Recently,
erythropoietin (EPO) and the nonerythropoietic derivative
asialoEPO have been linked to tissue protection in the nervous system. In this study, we tested their effects in a model of neonatal
hypoxia-
ischemia (HI) in 7-day-old rats (unilateral carotid
ligation and exposure to 7.7% O(2) for 50 min). EPO (10 U/g
body weight = 80 ng/g; n = 24),
asialoEPO (80 ng/g; n = 23) or vehicle (
phosphate-buffered saline with 0.1%
human serum albumin; n = 24) was injected intraperitoneally 4 h before HI. Both drugs were protective, as judged by measuring the
infarct volumes, neuropathological score and gross morphological score. The
infarct volumes were significantly reduced by both EPO (52%) and
asialoEPO (55%) treatment, even though the plasma levels of
asialoEPO had dropped below the detection limit (1 pm) at the onset of HI, while those of EPO were in the nanomolar range.
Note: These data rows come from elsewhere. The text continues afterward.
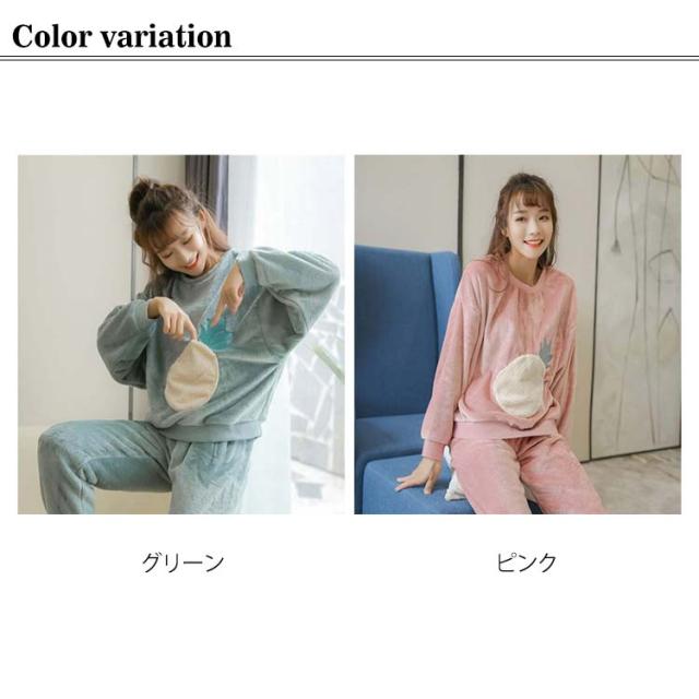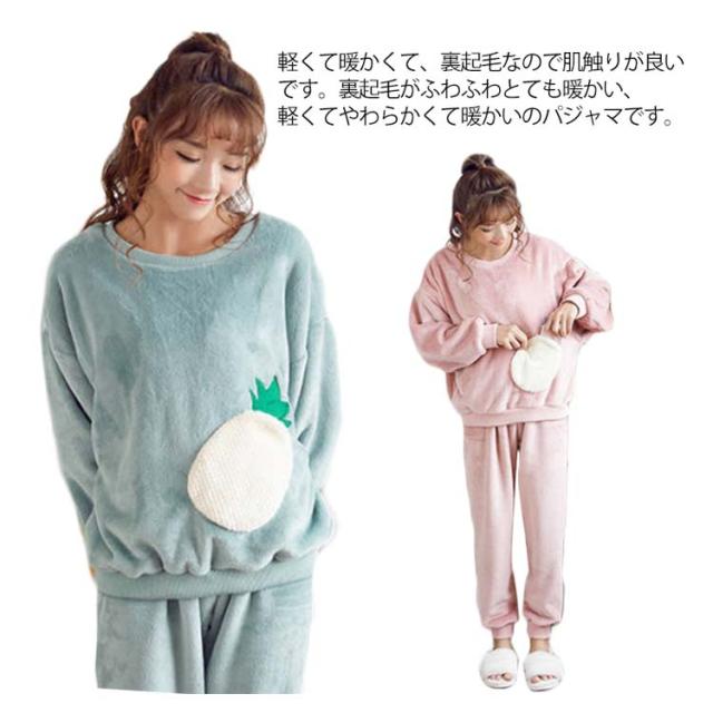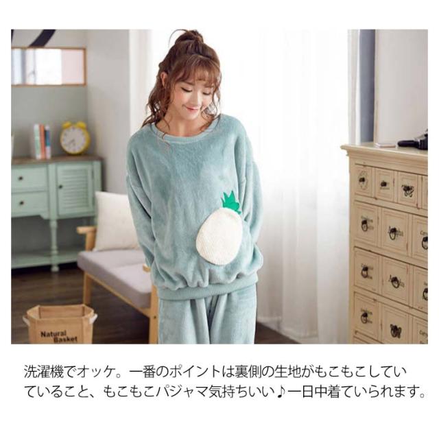 レディース パジャマ ルームウェア 冬 長袖 女子 上下セット フルーツ かわいい おしゃれ 大きいサイズ ふわふわ 暖かい 入院 長ズボン パンツ 無地 おしゃれ プレゼント
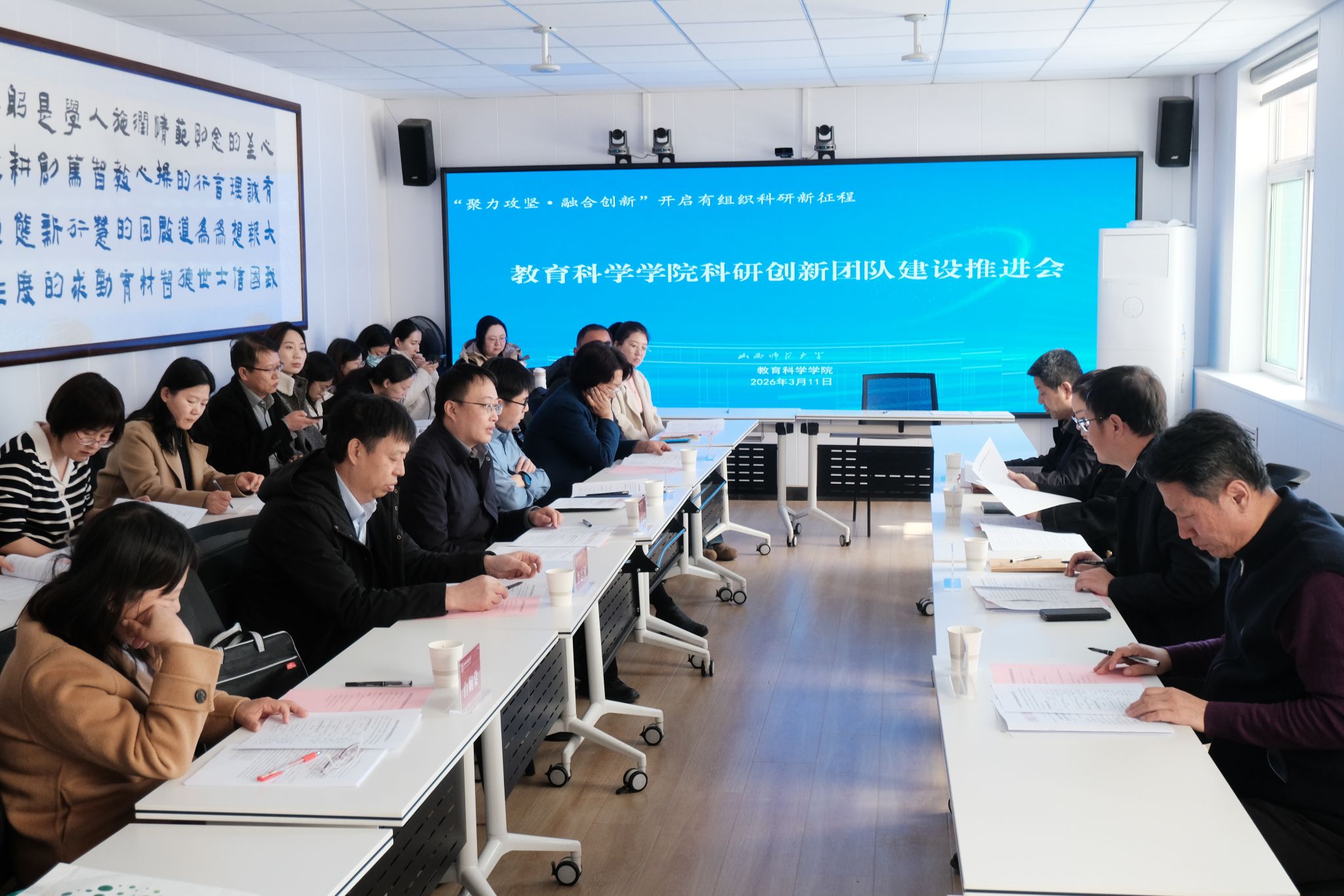 会议指出,组建科研团队,是贯彻学校科研工作大会精神、落实有组织科研思路的关键举措,旨在更好统筹推进教育学科建设,打造形成若干区域一流、特色鲜明的研究方向。会议强调,各团队要进一步提高政治站位,强化思想引领,深刻认识团队建设在提升学院核心竞争力中的重要作用,以高度的政治自觉推动工作高质量开展;要紧紧围绕“4+4”学科布局,进一步明确团队主攻方向,细化形成若干具有牵引性、影响力的研究选题,以重大选题带动团队的研究方向明确起来、任务聚焦起来;进一步完善团队运行机制,落实好团队负责人负责制,定期组会研讨、交流分享、督导推进,切实将选题细化为具体的、压茬推进的项目、论文、著作等可见、可抓的工作,并最终转化为具有标识度的研究成果;进一步突出目标导向,多设计高阶性、挑战性、追赶性的目标,改变四平八稳的工作状态,将每个团队都打造成特色方向的攻坚堡垒;团队负责人要有大胸怀、大格局,凝聚团队合力,深化协作攻坚,进一步加强对年轻人的支持,把团队中青年博士的专业发展作为重中之重,努力让团队中的年轻人尽快脱颖而出,让团队中的每个人都有获得感,增强团队的凝聚力与可持续发展力。
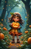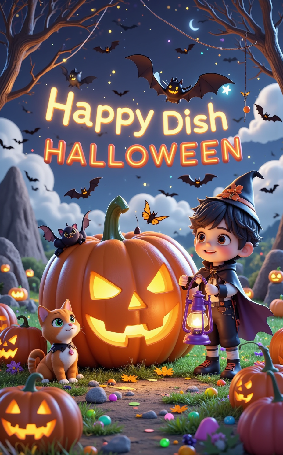 The image is a digital illustration of a Halloween-themed scene. A large orange pumpkin with a jack-o'-lantern face carved into it sits on a patch of green grass. On the right side of the pumpkin stands a boy. The pumpkin is surrounded by other pumpkins of different sizes and colors,including orange and red. The boy is holding a purple and white lantern in his hand. In the background,several bats are flying in the sky,their eyes shining with light. There are also white clouds and a spider web hanging from a string. The overall theme of the image is spooky and festive. At the top right corner,the text "Happy Dish Halloween! "is written in a playful font. Additionally,the image shows two cartoon characters,a boy and a cat,The boy is wearing a black cape and a pointed hat. He has black hair and is looking up at the sky with a curious expression. The orange cat with green eyes is sitting on the ground next to the boy,and there is a large rock formation in the distance,The overall mood of the image is playful and whimsical .,
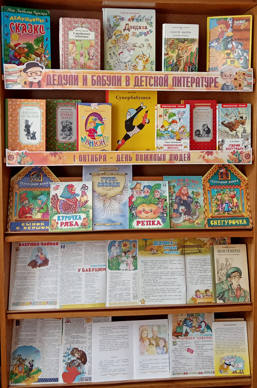 На полках читатели могли найти литературу самых разных жанров: произведения классической и современной поэзии, художественные книги о любви и семейных ценностях, детские издания, посвящённые бабушкам и дедушкам, а также издания, рассказывающие о том, как сохранять здоровье и бодрость в любом возрасте.
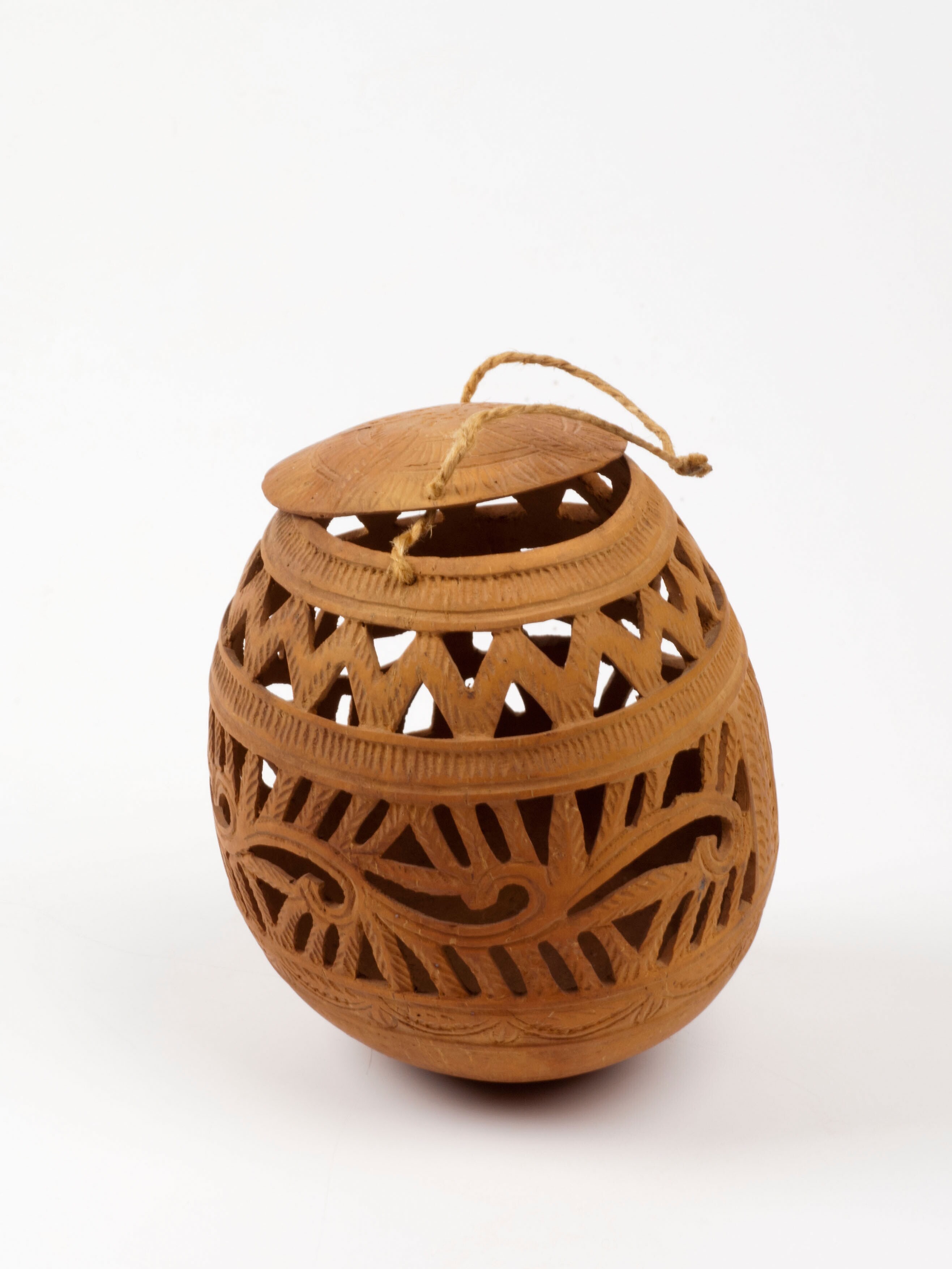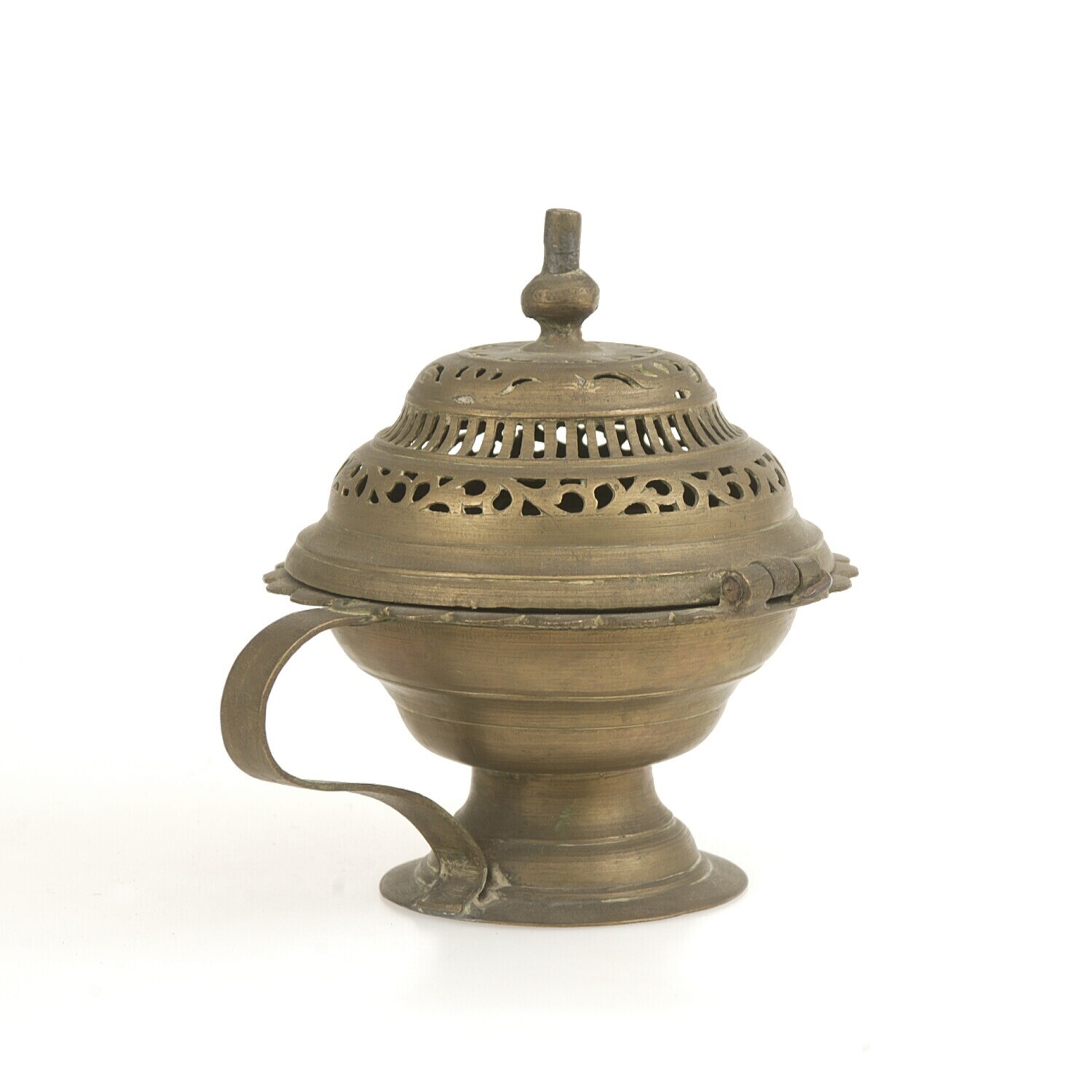 Messingen wierookbrander met ajour versierde deksel
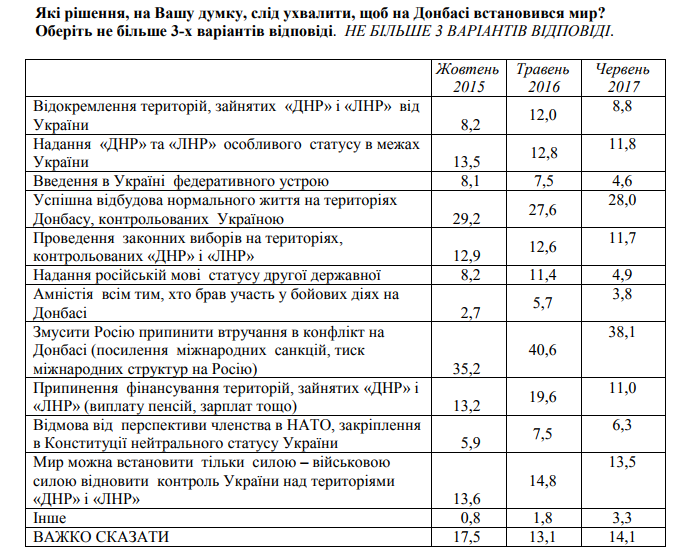 Наиболее действенными решениями для достижения мира большинство опрошенных считают международное давление на Россию, чтобы она отказалась вмешательства в конфликт на Донбассе (38%), и успешное восстановление нормальной жизни на подконтрольной территории Донбасса (28%). Количество людей, которые считают, что для установления мира нужно прекратить финансирование этих территорий, по сравнению с опросом прошлого года уменьшилось (с 20% до 11%). Также уменьшилось количество тех, кто ради достижения мира настаивал на признании русского языка вторым государственным (с 11% до 5%) и изменении формы государственного устройства в стране на федеративную (с 7,5% до 5%).
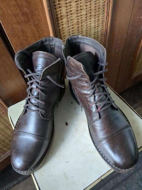 шкіряний верх кольору гнилої вишні, бордовий. шкіра товста та якісна. на язичку логотип бренда, збоку на заднику, на підошві та устілці назва бренда. носок прошитий, задник укріплений додатковою шкіряною накладкою. прошита поліуретанова підошва товста та міцна, на надійному протекторі. застібка на блискавці та шнурівці. класний колір, стильний фасон і відомий бренд гарантують якість виробу. розмір вказаний 7,5, довжина устілки 26,5 см.
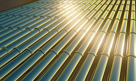 A modern pressure collector for heating domestic hot water, close-up on the ends of a vacuum tube.
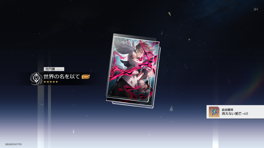 恒常ガチャからヴェルトのモチーフ光円錐が排出。うれぴー!「虚無」キャラに持たせるというより、「記憶」や「愉悦」の穴埋めに使いたいw

Thus, a brief trigger by
asialoEPO before the insult appears to be sufficient for protection. Proteomics analysis after
asialoEPO treatment alone (no HI) revealed at least one differentially up-regulated
protein, synaptosome-associated
protein of 25 kDa (SNAP-25). Activation (phosphorylation) of ERK was significantly reduced in
asialoEPO-treated animals after HI. EPO and the nonerythropoietic
asialoEPO both provided significant and equal neuroprotection when administered 4 h prior to HI in 7-day-old rats. The protection might be related to reduced ERK activation and up-regulation of SNAP-25.